*RECORD SET*.
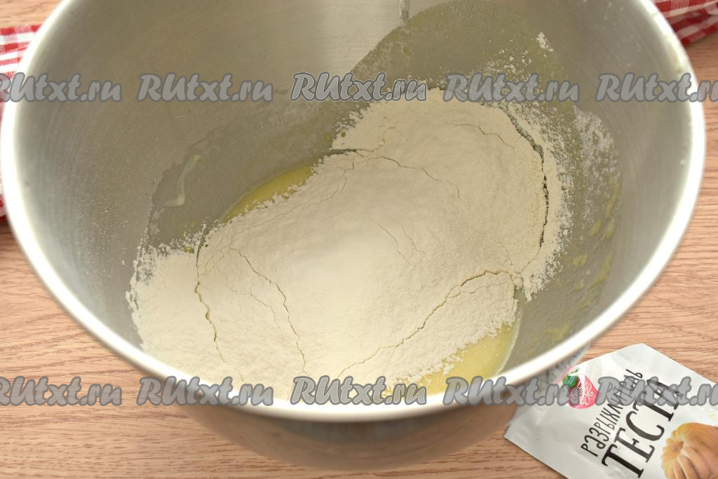 В получившуюся смесь всыпаем разрыхлитель, частями добавляем муку, перемешивая тесто миксером.
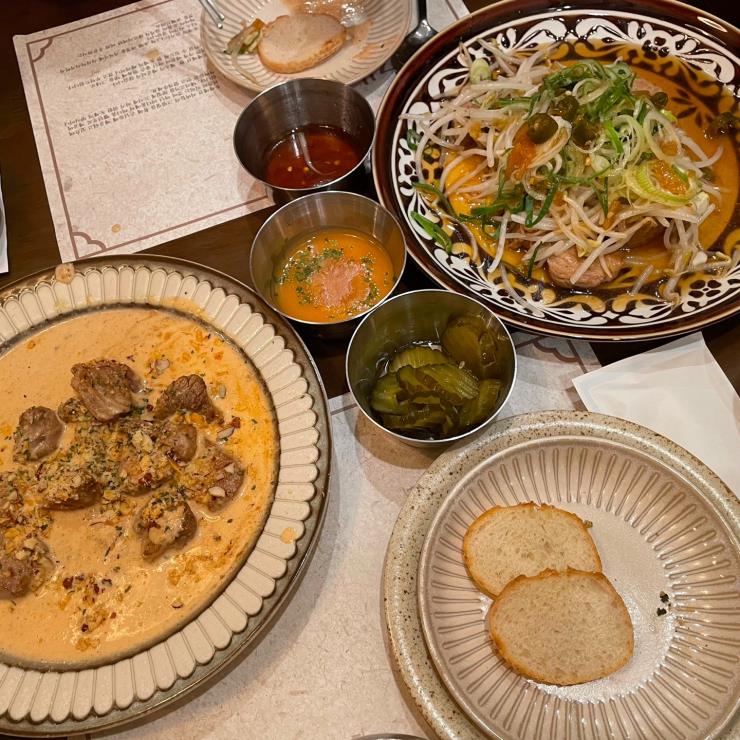 토마토와 치즈크림, 베샤멜과 크림스테이크 등 양식집 못지않은 밑반찬도 있으니 꼭 드셔보세요.
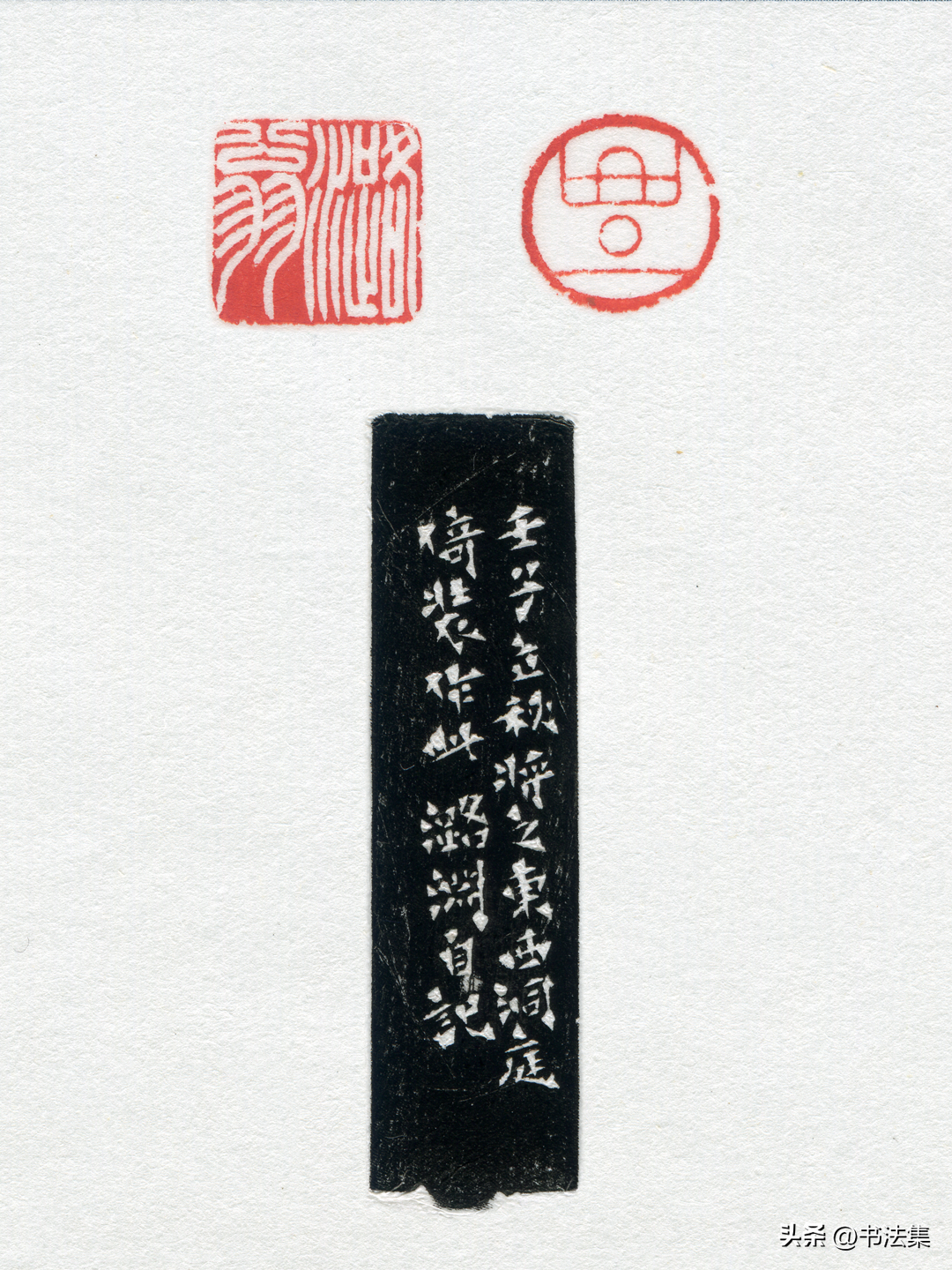 爲王蘧常刻八分對章,”王蘧常”朱白相式,款曰:”瑗仲先生名印,乙卯春月潞淵刻。”又古璽朱文印,款曰:”潞淵制於滬上静樂簃。”
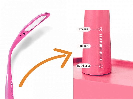 LED лампа имеет современный и стильный дизайн корпуса, в функции лампы включены три режима; для учебы, для отдыха и утренний свет. Лампа оснащена сенсорным выключателем, а также возможностью регулирования яркости всего одним касанием. Прорезиненная ручка позволяет менять угол наклона плафона.
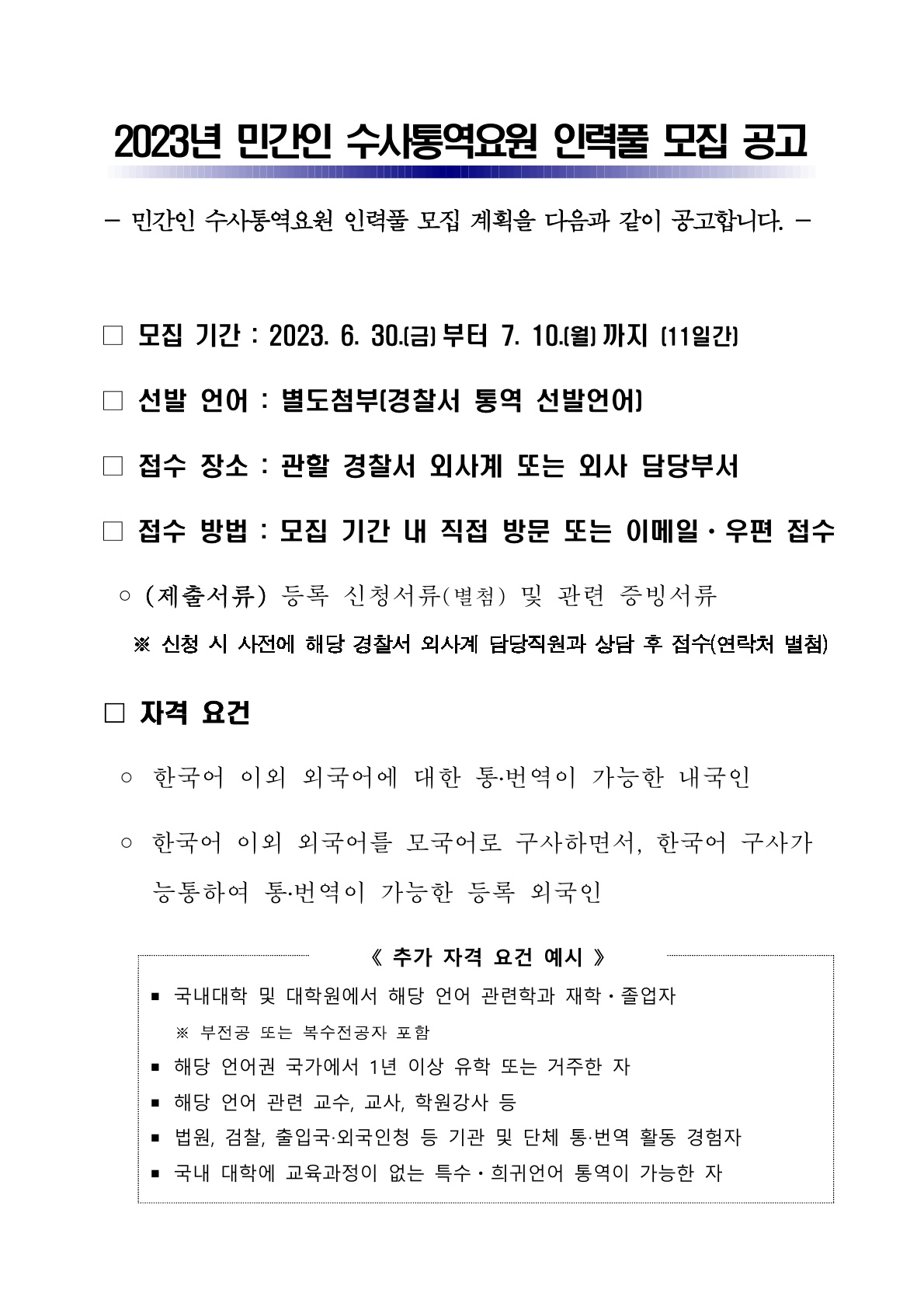 경찰청 '2023년 민간인 수사통역 인력풀 모집 공고'

*YOUR GOAL*.
Set down the complete material exactly, but do not include the images.

*SOLVED EXERCISE*.
 В получившуюся смесь всыпаем разрыхлитель, частями добавляем муку, перемешивая тесто миксером.
 토마토와 치즈크림, 베샤멜과 크림스테이크 등 양식집 못지않은 밑반찬도 있으니 꼭 드셔보세요.
 爲王蘧常刻八分對章,”王蘧常”朱白相式,款曰:”瑗仲先生名印,乙卯春月潞淵刻。”又古璽朱文印,款曰:”潞淵制於滬上静樂簃。”
 LED лампа имеет современный и стильный дизайн корпуса, в функции лампы включены три режима; для учебы, для отдыха и утренний свет. Лампа оснащена сенсорным выключателем, а также возможностью регулирования яркости всего одним касанием. Прорезиненная ручка позволяет менять угол наклона плафона.
 경찰청 '2023년 민간인 수사통역 인력풀 모집 공고'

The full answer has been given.